_WHAT THE EXERCISE ASKS_.
Print only the lines from the top of the data through the line with "BELOW: Fire damage", both included, skipping every picture.

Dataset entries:

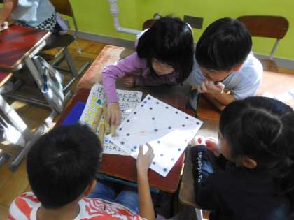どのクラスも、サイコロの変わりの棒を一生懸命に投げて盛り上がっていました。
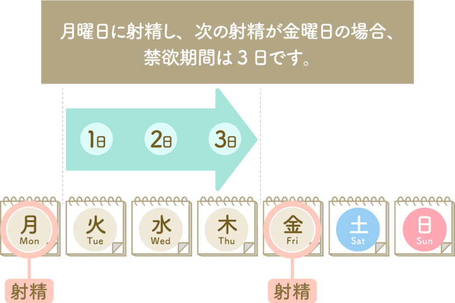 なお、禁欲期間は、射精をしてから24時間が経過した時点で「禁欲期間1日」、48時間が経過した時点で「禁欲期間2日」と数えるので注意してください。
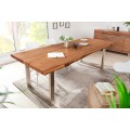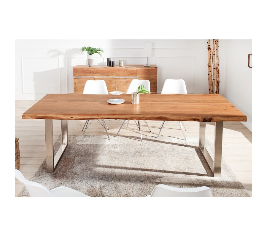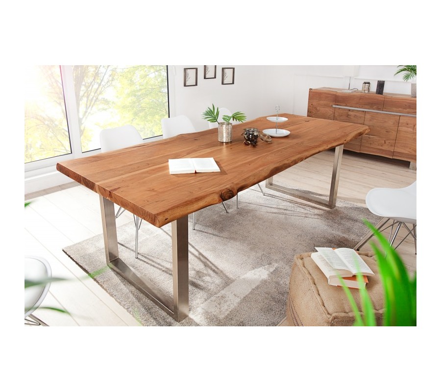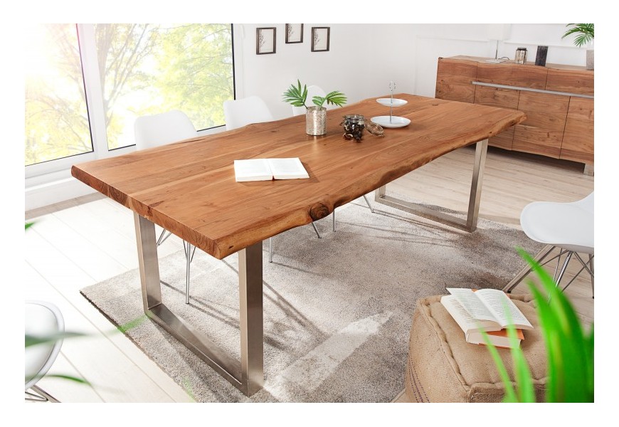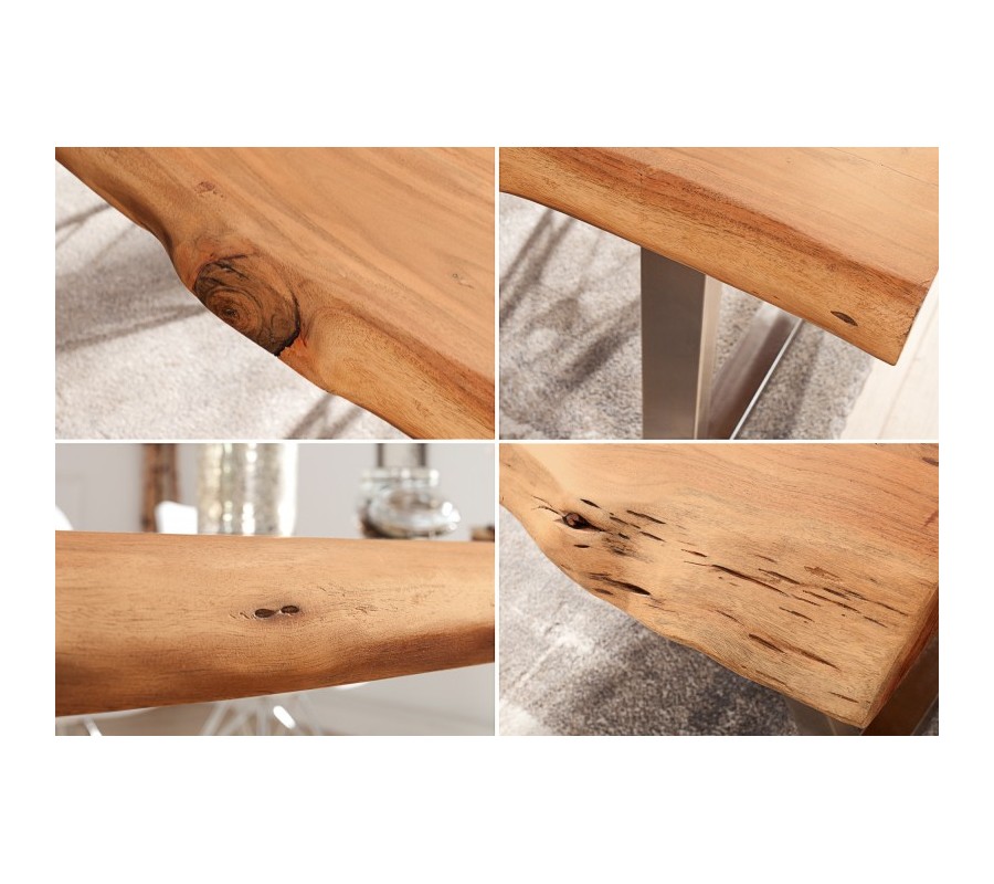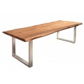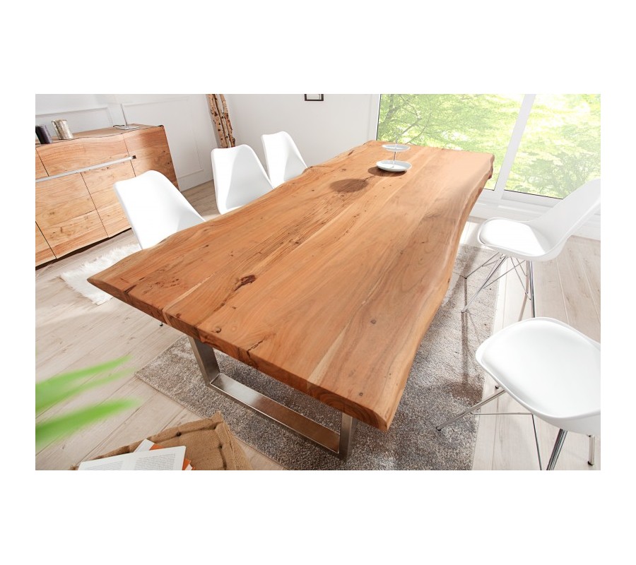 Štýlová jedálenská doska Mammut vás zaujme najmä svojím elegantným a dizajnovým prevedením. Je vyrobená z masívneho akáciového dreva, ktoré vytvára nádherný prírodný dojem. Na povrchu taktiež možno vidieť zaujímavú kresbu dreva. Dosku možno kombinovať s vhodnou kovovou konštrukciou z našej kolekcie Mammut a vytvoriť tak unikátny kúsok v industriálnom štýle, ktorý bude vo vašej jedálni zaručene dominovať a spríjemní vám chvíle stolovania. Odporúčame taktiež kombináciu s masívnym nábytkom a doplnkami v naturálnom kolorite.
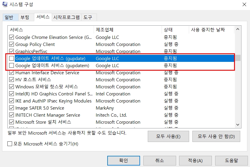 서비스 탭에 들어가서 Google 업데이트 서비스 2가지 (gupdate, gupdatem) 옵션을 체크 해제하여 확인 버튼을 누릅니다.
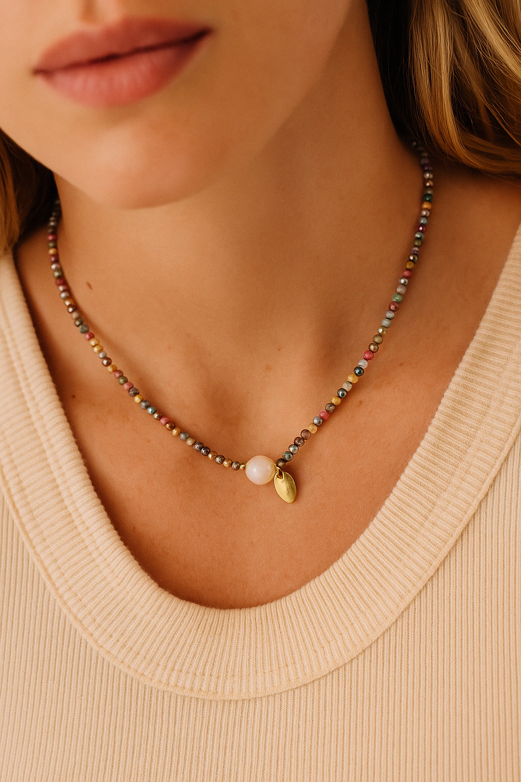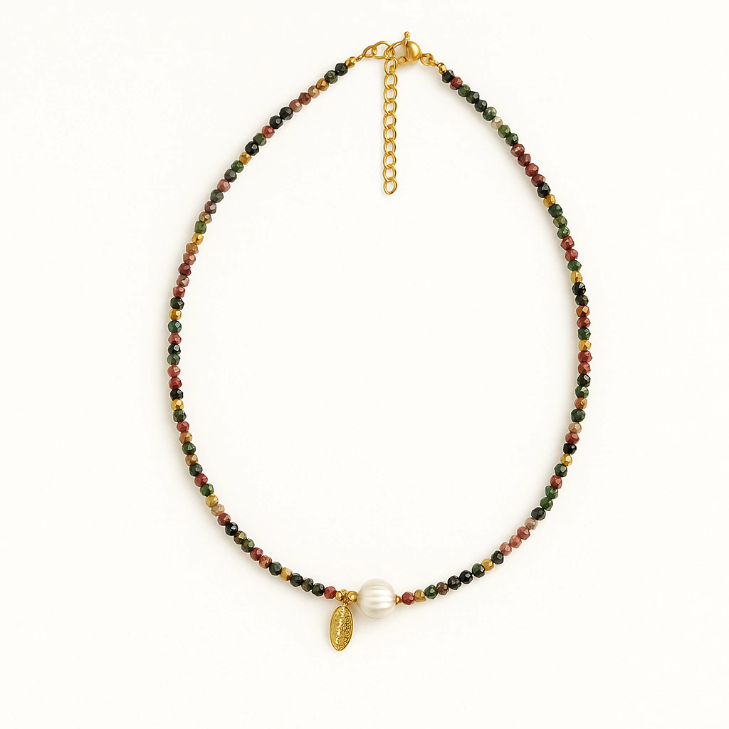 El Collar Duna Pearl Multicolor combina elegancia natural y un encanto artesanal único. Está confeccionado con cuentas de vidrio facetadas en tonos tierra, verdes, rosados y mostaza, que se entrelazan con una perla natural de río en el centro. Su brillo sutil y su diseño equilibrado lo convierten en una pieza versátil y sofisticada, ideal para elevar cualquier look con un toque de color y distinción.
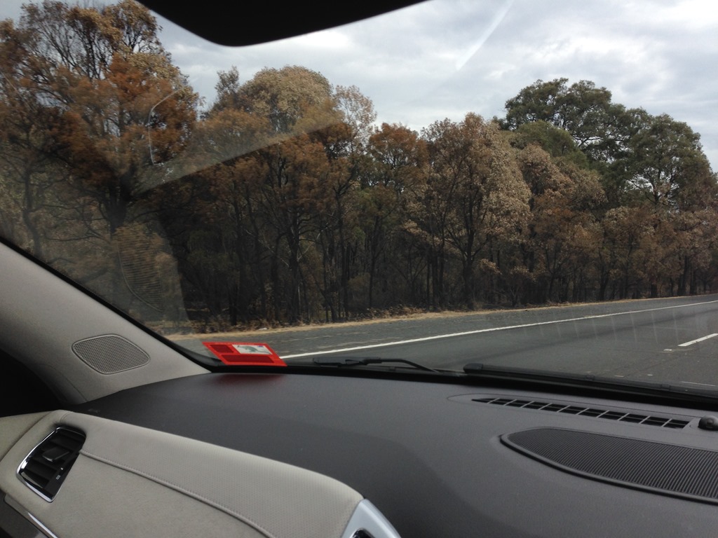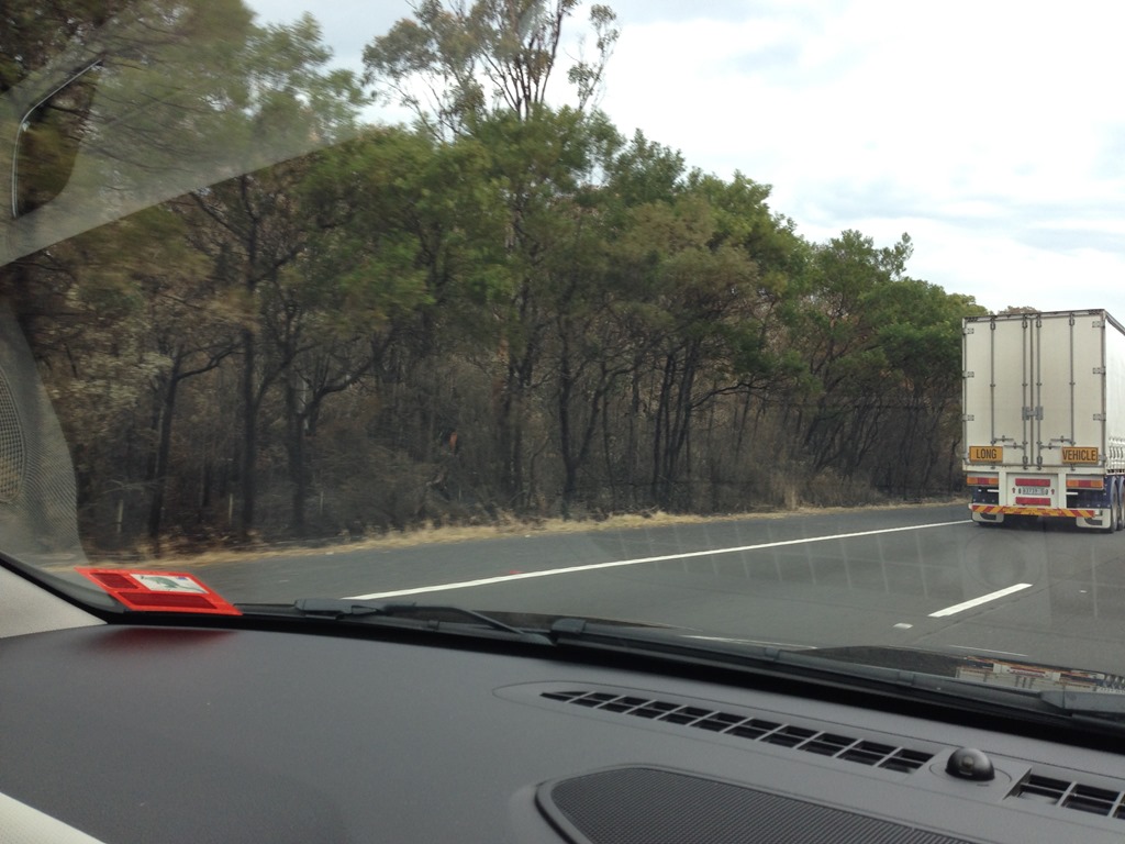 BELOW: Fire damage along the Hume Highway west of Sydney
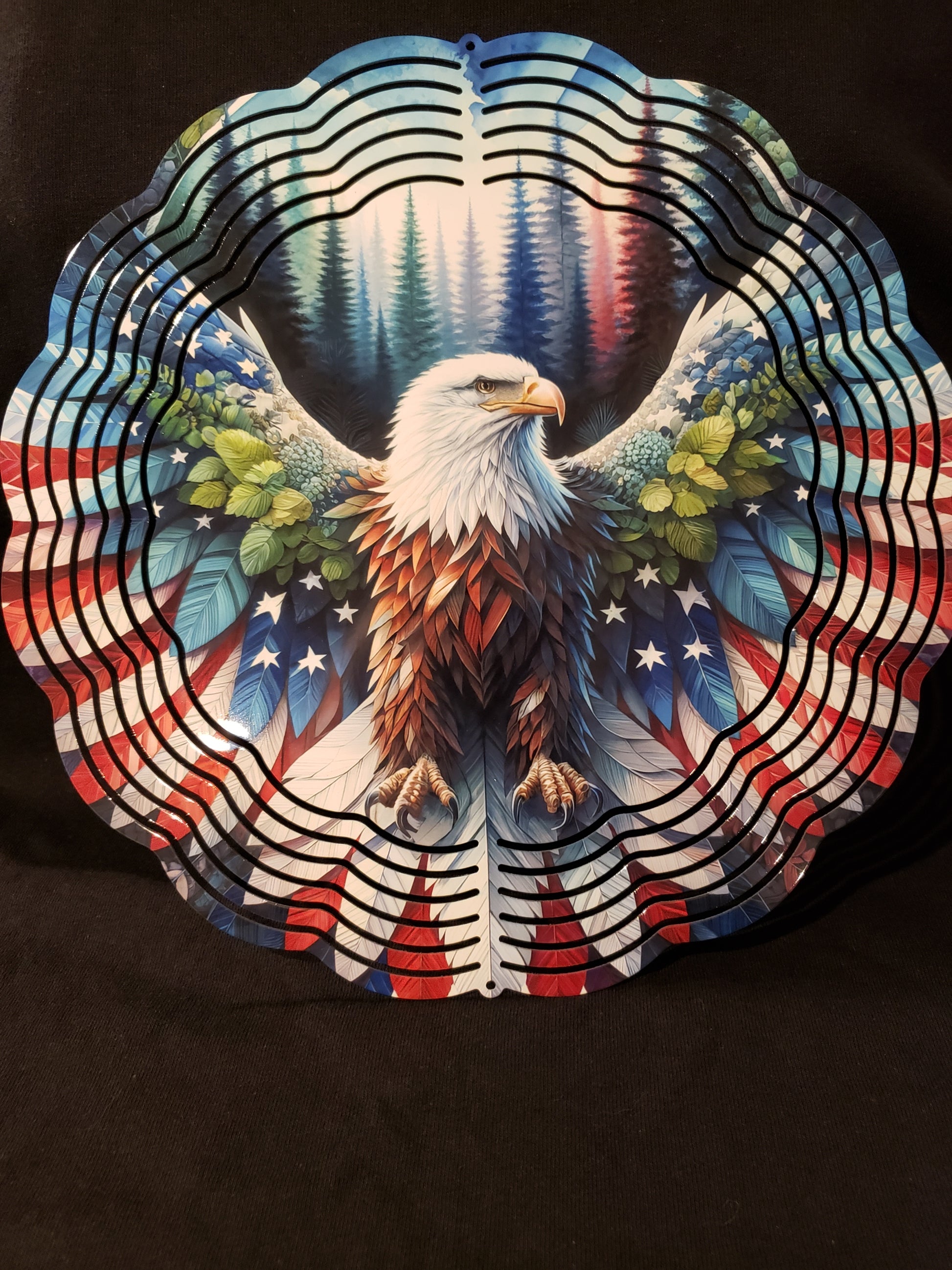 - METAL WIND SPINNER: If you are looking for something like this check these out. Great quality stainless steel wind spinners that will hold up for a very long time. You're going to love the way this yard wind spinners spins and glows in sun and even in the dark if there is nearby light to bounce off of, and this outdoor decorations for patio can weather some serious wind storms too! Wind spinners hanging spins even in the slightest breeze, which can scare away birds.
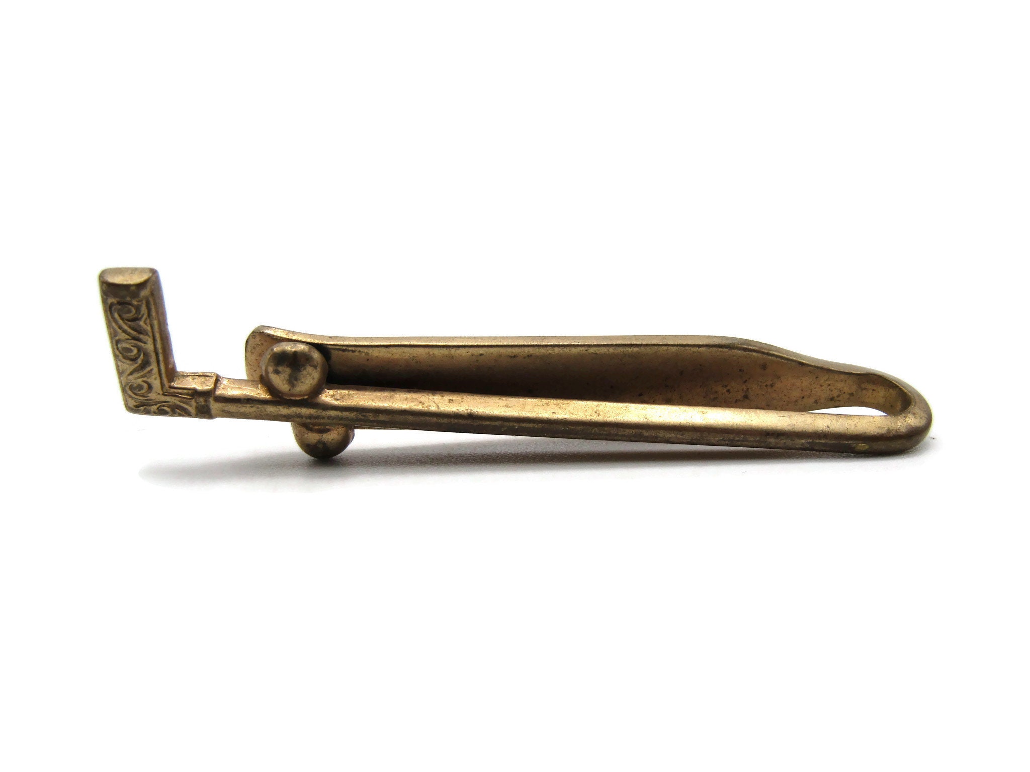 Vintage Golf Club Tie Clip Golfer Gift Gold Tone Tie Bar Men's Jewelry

_RESULT OF THIS EXERCISE_.
どのクラスも、サイコロの変わりの棒を一生懸命に投げて盛り上がっていました。
 なお、禁欲期間は、射精をしてから24時間が経過した時点で「禁欲期間1日」、48時間が経過した時点で「禁欲期間2日」と数えるので注意してください。
 Štýlová jedálenská doska Mammut vás zaujme najmä svojím elegantným a dizajnovým prevedením. Je vyrobená z masívneho akáciového dreva, ktoré vytvára nádherný prírodný dojem. Na povrchu taktiež možno vidieť zaujímavú kresbu dreva. Dosku možno kombinovať s vhodnou kovovou konštrukciou z našej kolekcie Mammut a vytvoriť tak unikátny kúsok v industriálnom štýle, ktorý bude vo vašej jedálni zaručene dominovať a spríjemní vám chvíle stolovania. Odporúčame taktiež kombináciu s masívnym nábytkom a doplnkami v naturálnom kolorite.
 서비스 탭에 들어가서 Google 업데이트 서비스 2가지 (gupdate, gupdatem) 옵션을 체크 해제하여 확인 버튼을 누릅니다.
 El Collar Duna Pearl Multicolor combina elegancia natural y un encanto artesanal único. Está confeccionado con cuentas de vidrio facetadas en tonos tierra, verdes, rosados y mostaza, que se entrelazan con una perla natural de río en el centro. Su brillo sutil y su diseño equilibrado lo convierten en una pieza versátil y sofisticada, ideal para elevar cualquier look con un toque de color y distinción.
 BELOW: Fire damage along the Hume Highway west of Sydney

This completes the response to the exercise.